The fluid tip of FIG. 8 can also be used for spray guns configured as AAA guns. An air assisted airless gun is very similar to an airless gun, but also uses atomizing air to further atomize the fluid. Accordingly, the fluid tip 170 of FIG. 8 includes a series of atomizing air jets 179 disposed about the orifice 180, in manner that can be but need not be the same as the atomizing air holes 50 in FIG. 4. For AAA guns then, an air cap 24 will also be used to direct the atomizing air to the annulus around the orifice 180.
Because the airless and AAA fluid tip 170 has a smaller orifice 180 as compared to the orifice 46 for air spray and HVLP nozzles, a needle valve is not as well suited for closing the orifice 180. FIG. 9 illustrates an embodiment of a AAA configured spray gun 190. The similarities in basic modular parts to the air spray and HVLP guns are readily apparent and like reference numerals are used to designate like parts. However, in order to control flow of the high pressure fluid to the atomizing component 12, a ball valve 192 is used to close the orifice 180 by seating against the carbide seat 178. The ball valve 192 is connected to the wire 152 of the puller 146. The packing cartridge 142, puller 146 and trigger control can be substantially the same as already described with respect to the air spray gun 10.
FIG. 9A illustrates an embodiment of a modular spray gun configured to operate as an airless spray gun as previously described herein. The airless gun is very similar to the AAA gun of FIG. 9 except that there is no provision for an air supply. Note that FIG. 9 shows clearer detail of the atomizing component 12 for the airless and AAA versions. A seal 400 such as made of PEEK or nylon is placed adjacent the fluid tip 170 forward face 176a. This seal 400 prevents the high pressure fluid from back flowing into the extension 16. The seal 400 can be provided with an optional pre-orifice, pre-atomizing device 404 such as a sapphire or carbide insert. The seal and the pre-orifice can alternatively be made from a single piece of carbide or other material. The atomizing component for the airless and AAA gun, further includes a holder 406 that is captured between the air cap 24 and the fluid tip 26. For a AAA gun, the holder 406 includes suitable recesses or passageways (not shown) that permit atomizing air from the air jets 50 to pass through to an annulus that surrounds the carbide nozzle 408. In an airless or AAA gun, the fluid tip 26 does not atomize the fluid, but rather the fluid is forced under high pressure first through the carbide seat 178, the optional pre-orifice 404 and then a carbide nozzle 408. The carbide nozzle 408 is formed with a suitable orifice through which the high pressure fluid is forced and thus achieves the final atomization for the airless gun, with atomizing air also being used for a AAA gun. The pre-orifice 404 is used to create turbulence in the fluid stream before it enters the nozzle 408, thus improving atomization for some types of fluids.

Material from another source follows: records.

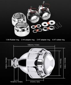 Proyector de lente Mini HID Bi-Xenon de 2.5 pulgadas – 2 Juegos de Marcos Cromados de Calidad Premium Proyector de lente Mini HID Bi-Xenon de 2.5 pulgadas para faro con bombilla H1. Ten una luz elegante y más fresca para tu coche con el proyector de lente Mini HID Bi-Xenon de 2.5 pulgadas. Nuestro proyector de lente puede funcionar como luz alta y luz baja. El proyector de lente proporciona una mejor visibilidad para la seguridad del conductor, reduciendo así los accidentes de tráfico debidos a mal tiempo y condiciones de la carretera. Nuestro proyector de lente está hecho de carcasas de ABS de calidad premium, carcasa de metal y lente de vidrio real para garantizar la máxima resistencia y durabilidad para un uso duradero. Nuestro proyector de lente tiene una lente clara de 2.5 pulgadas en condiciones óptimas. La bombilla xenón y el balasto no están incluidos, puedes utilizar tu kit xenón original, pero asegúrate de que el modelo de la bombilla sea H1. El proyector de lente tiene una clasificación impermeable de IP67 y también es resistente al óxido y al polvo. Tipo de placas adaptadoras: h4/ h7. Compatible con LHD. ¡Alta calidad y mejor servicio para ti!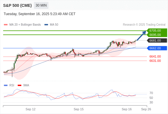 在 6662.00 之上,看涨,目标价位为 6695.00 ,然后为 6705.00 。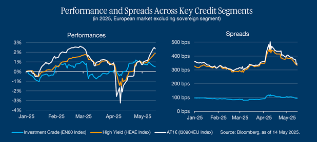Ondanks de daling van de spreads blijven de rendementen op de vervaldag nog steeds boven de inflatie, met ongeveer 3% voor investment grade en 6% voor high yield en AT1-achtergestelde schulden, tegenover een stabiele inflatie van 2,2% in de eurozone in april 2025 (Eurostat-gegevens over 12 opeenvolgende maanden).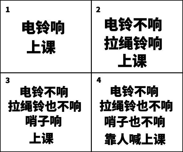 这下大家起哄的更厉害了。最后大叔没办法,只好自己到各个有学生的地方喊大家上课。我们才乖乖进教室。像这种近乎“奇迹”的事件,我想大家也有过类似的经历,我们通常都会信一些迷信的说法,类似于未知的力量等,一个思维清晰的人会怎么看这种事件呢?就以这个上课铃声事件做例子,画出4个格子,填入四种可能,如下图:

The AAA configured gun 190 is equipped for atomizing air the same way that the air spray gun 10 is equipped and thus includes the air fitting 82 and the air valve 94. However, the AAA gun 190 uses only atomizing air, not horn air. Accordingly, as illustrated in FIG. 10, the first air adjustment chamber 116 is equipped with the adjustment valve 124 to adjust atomizing air flow into the atomizing air flow passage 132 as previously described herein. The second air adjustment chamber 118 is plugged with the air plug 122. Note that the air plug 122 extends to block the port 130 thus blocking all air to the horn air passage 134.
The present invention also contemplates a modular spray gun concept for automatic guns. By automatic is simply meant that the guns are controlled and actuated other than by a manually actuated trigger mechanism. FIG. 11 illustrates an assembled non-circulating automatic air spray gun 200. The automatic air spray gun shares many modular parts with the manual gun of FIG. 1 including the atomizing component 12 and the extension 16. However, the gun body 14 has been replaced by a modular control block body 202. In this embodiment, the control block is realized in the form of a control piston block. The control block 202 includes separate air inlet fittings for horn air 204 and atomizing air 206. A bolt 208 can be used to mount the gun body 202 on a robot arm or other apparatus that is used to position the gun at a desired location or to control its movement.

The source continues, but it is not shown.